Man staunt darüber, dass Radio 1, obwohl es sehr schnell das beliebteste BBC-Programm wurde, bis 1993 nur in mono über die Mittelwelle zu empfangen war (was mir insofern recht war, als man damit Radio 1 auch in Hamburg hören konnte, wenn die Atmosphäre nicht allzu verknistert war). Erst dann schaufelte die BBC etliche un- oder anders genutzte UKW-Frequenzen frei und schaltete Radio 1 auf. Erst 1993 gab es die ersten Sendungen von CDs in Stereo. Auch war bis 1990 strikt um 2 Uhr nachts Sendeschluss. Es musste erst die Berichterstattung über den Golfkrieg kommen. Die sollte rund um die Uhr laufen, und das behielt man nach dem Ende des Krieges klammheimlich bei. Die Schicht von 4 bis 6 Uhr morgens galt lange Zeit als "graveyard shift", bis die Hörerforschung dahinterkam, dass selbst um diese Zeit ein sehr buntes Hörerspektrum erreicht wurde, allerdings andere Hörer als später am Tag oder am Abend.

Ein interessantes Buch, wenn man sich ein bisschen für Radiogeschichte interessiert. Gelegentlich ein bisschen zu sehr auf Anekdoten hin geschrieben, aber das macht wenig; unterhaltsam ist es eh.

Robert Sellers:
The Remarkable Tale of Radio 1
The History of the Nation's Favourite Station 1967-95
Omnibus Press, ISBN 9-781913-17212-1

 

Monday, May 15, 2023

Wiederentdeckt

Der Komponist Johannes Brahms, wäre ihm nicht der Leberkrebs dazwischengekommen, hätte vor einigen Tagen seinen 190. Geburtstag feiern können. Was mich daran erinnerte, dass Michael Naura und Wolfgang Schlüter ein Stück eingespielt haben, das sich lose improvisierend an eines der "Abendlieder" des Geburtstagskindes anlehnt.

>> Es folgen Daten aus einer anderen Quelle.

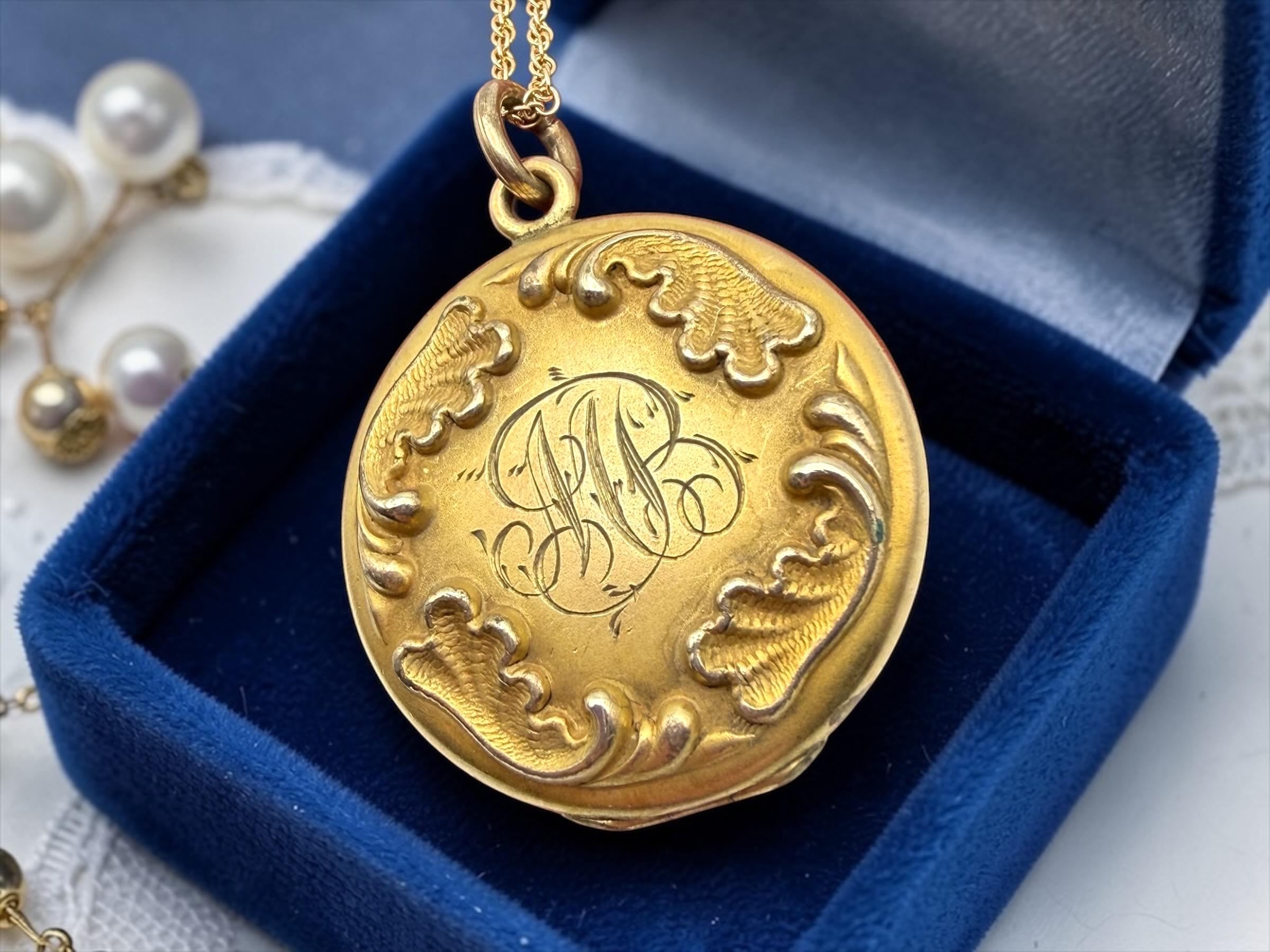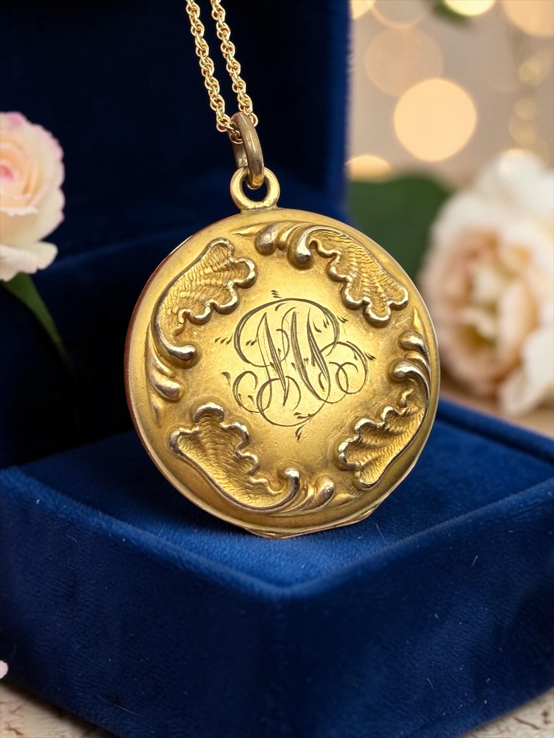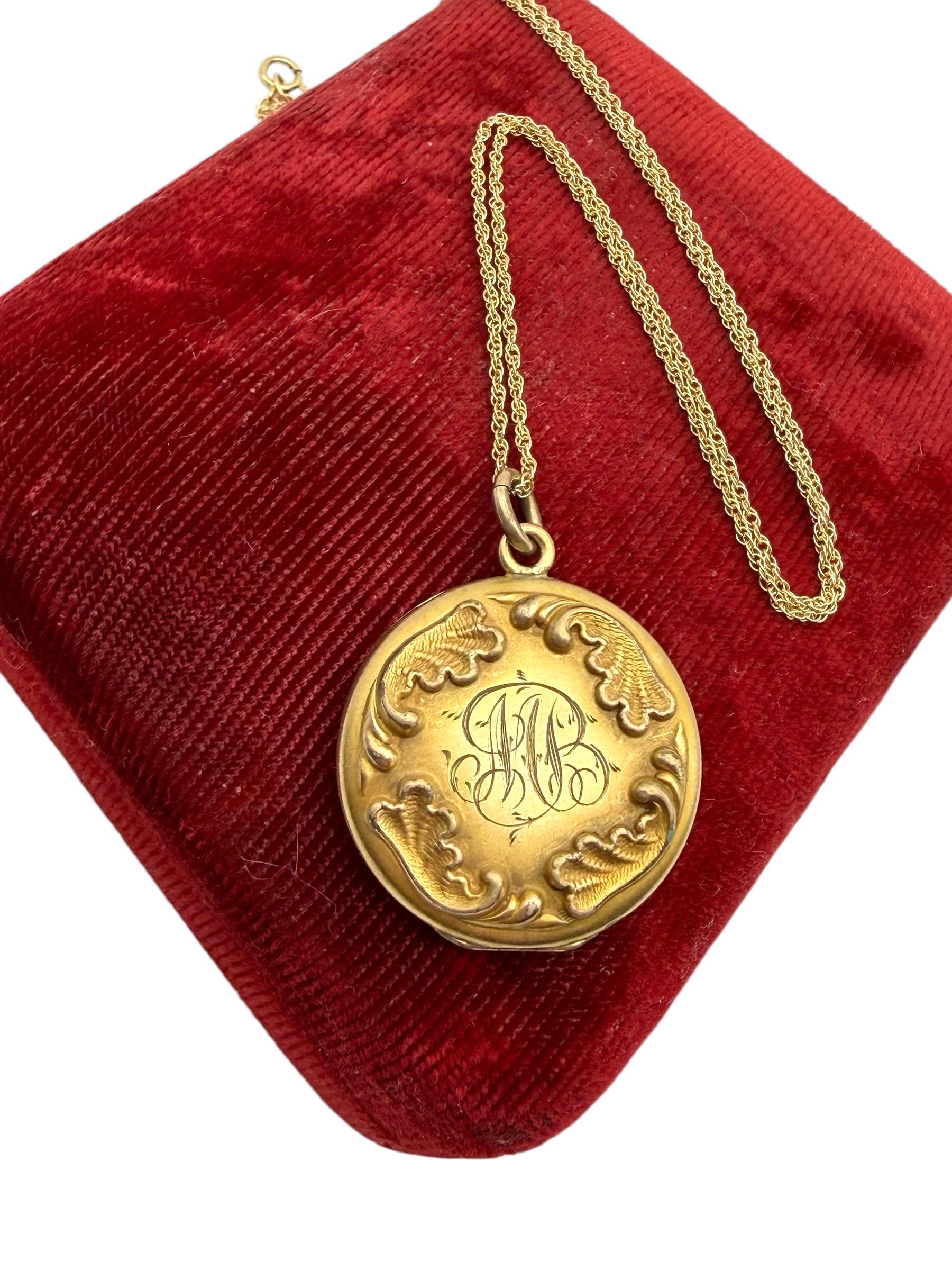 Antique Art Nouveau Locket: Vintage Gold Filled Necklace Large Round Repousse Monogrammed MB Photo Pendant, 14K GF Chain

Country Children heißt dieses Album, aufgenommen 1977 von Dietram Köster bei Radio Bremen, erschienen 1980 auf dem wohl eigens für das Trio Naura/Schlüter/Rühmkorf geschaffene Imprint-Label ECM-SP. Die LP erlebte nur eine einzige Auflage; auf eine CD oder in einen Streamingdienst hat es die Platte nie geschafft -- vielleicht, weil Manfred Eicher an der Produktion nicht selbst beteiligt war.

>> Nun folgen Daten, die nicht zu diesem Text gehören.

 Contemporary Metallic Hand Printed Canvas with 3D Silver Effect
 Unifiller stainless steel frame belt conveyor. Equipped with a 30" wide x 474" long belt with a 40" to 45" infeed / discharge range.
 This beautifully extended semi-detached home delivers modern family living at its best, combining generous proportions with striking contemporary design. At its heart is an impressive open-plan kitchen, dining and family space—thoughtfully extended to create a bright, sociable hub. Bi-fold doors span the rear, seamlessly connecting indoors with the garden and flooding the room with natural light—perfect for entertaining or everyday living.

Michael Naura ist nicht Chick Corea und Wolfgang Schlüter ist nicht Gary Burton. Genau das spielen die beiden hier aus. Schlüter spielt Vibraphon und gelegentlich Marimba, er dreht Pirouetten und riskiert gelegentlich gewagte Sprünge auf dem Fundament, das Naura mit ruhigen, meist fließenden Klavierakkorden bildet. Fast alle Stücke könnte man sich auch als Begleitung für Peter Rühmkorfs von ihm selbst gesprochene Gedichte vorstellen, aber auf diesem Album ist er nicht dabei. "Ballade für eine Silberhochzeit" legt die Stimmung fest, die das Album in wesentlichen durchhält. Ein paar atonale Einwürfe überraschen in "Schlafen", "Rosemary's Baby" (die einzige Fremdkomposition) bringt ein paar klangtechnische Spielereien, die in ihrer Verwischtheit an den gleichnamigen Film denken lassen. Der Titeltrack "Country Children" ist dem "Abendlied" wie aus dem Gesicht geschnitten, "Call" erinnert an ein früheres Album des Michael Naura Quartetts von 1971.

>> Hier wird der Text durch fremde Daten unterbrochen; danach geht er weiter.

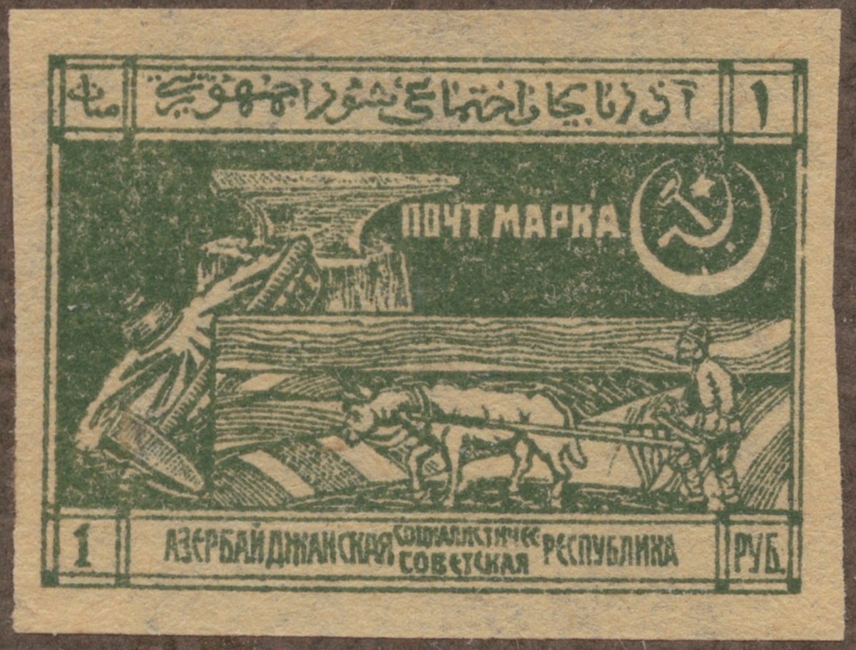 Frimärke från Aserbejdschan, 1921. Motiv av Plöjningsarbete med häst Aserbejdschan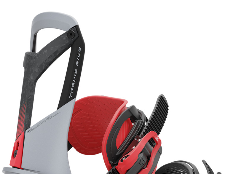 New to this 24/25 season is the Asymmetrical Forged Hybrid Highback, made from Eco-Friendly Duraflex Blue and Italian made forged carbon combine , it has been specifically made to compliment Travis Rice's Aggressive Freeride/freestyle riding. The Forged Carbon spine offers a stiff and responsive feel which allows instant edge to edge controll when riding, while the nylon frame allows for the flexibility and comfort you want when riding freestyle. The Updated asymmetrical shape allows a more natural fit following the natural angle of the leg for a anatomical fit and flex.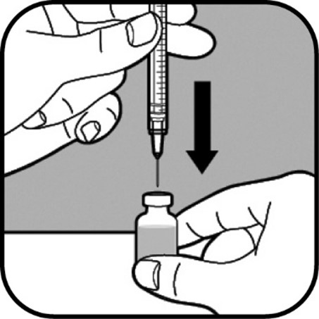| Pidä injektiopullo tasaista alustaa vasten. Työnnä iso neula hitaasti kumitulpan läpi injektiopulloon. Neulan kärjen ei pidä koskettaa injektiopullossa olevaa nestettä. Jos neulan kärki koskettaa nestettä, vedä neulaa hitaasti takaisin, kunnes kärki ei enää kosketa nestettä. Työnnä mäntä hitaasti ruiskuun. Tämä työntää ruiskussa olevan ilman injektiopulloon. |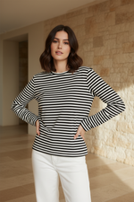 Timeless monochrome stripes in a flattering, fitted silhouette

Wer Crystal Silence mochte, wird Country Children lieben. Zeit für ein Remaster!




Thursday, May 4, 2023

Kastanienallee

Zufällig bin ich über einen sehr lesenswerten Artikel gestolpert, hier. Sofort war die Erinnerung wieder da an Silvester 1987/88, Prenzlauer Berg, Kastanienallee, mit meinen damaligen Bekannten, die zu den "subversiven" gehörten. Musiker, deren "Westkontakt" ich war, der Batterien für das Yamaha-Echogerät und derlei Zeugs besorgen konnte. Nachmittags am Grenzübergang gab es schon kaum noch ernste Kontrollen, die Flasche Sekt ließ der Grenzer unbeanstandet. Später ein Bier im Prater. Abends Silvesterparty. Da wurde schon darüber debattiert, was wohl passieren werde, wenn "das Kapital" käme. Am nächsten Morgen sind wir dann mit Kater durch die Eberswalder gelatscht. Ich weiß nicht mehr, ob ich es gesagt oder nur gedacht habe, dass das Monstrum da vorne die Straße wohl nicht mehr lange versperren werde. Man musste kein Hellseher sein, um das zu spüren. Schade, dass sich die Kontakte später alle im Sand verlaufen haben.

Die im Artikel erwähnte Ausstellung in Berlin ("Voll das Leben") ist mit Sicherheit sehenswert. Wie auch dieser Fotoband von Harald Hauswald.